Respiratory disease expert Dr Leung Chi-chiu said the untraceable case was a “dangerous signal” and could spark the beginning of a fifth wave of infections.

“We need to immediately tighten all our social-distancing measures, if we can detect these [new] cases and introduce social-distancing measures early, we can minimise transmissions,” he said.

Another government adviser, Professor David Hui Shu-cheong, also warned of possible clusters forming in Tuen Mun, but authorities needed time to complete genome sequencing and investigate the case first.

“If we can explain the chain of infection, then it’s not so worrying.

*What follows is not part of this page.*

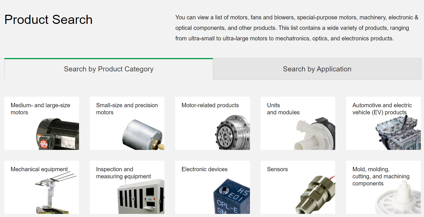 다양한 사이즈의 모터, 모터 관련 제품(감속기 등등), 유닛 모듈, 차량 제품, 로봇, 검사기, 전자장비, 센서, 각종 사출 가공품 등등

But on the other hand, if it’s a totally unexplained community outbreak, then it’s very worrisome,” Hui said.

Both Leung and Hui said schools might need to close and people would have to work from home as much as possible if the situation worsened.

In her morning remarks, Chief Executive Carrie Lam stressed there were no plans yet to further tighten social-distancing rules or suspend school operations. She said compulsory testing and other anti-pandemic measures had been effective so far.

Dr Gilman Siu Kit-hang, associate professor at Polytechnic University’s health, technology and informatics department, said Omicron infected and multiplied 70 times faster than the Delta variant, and the median incubation period was three days. Delta was four to five days.

Covid-19 testing for arrivals or others should be done more regularly, almost every day, as Omicron is highly transmissive,” Siu told a radio show. “But the authorities can consider shortening the quarantine period from the current 21 days to 14 days, considering the Omicron variant usually can develop within seven days.”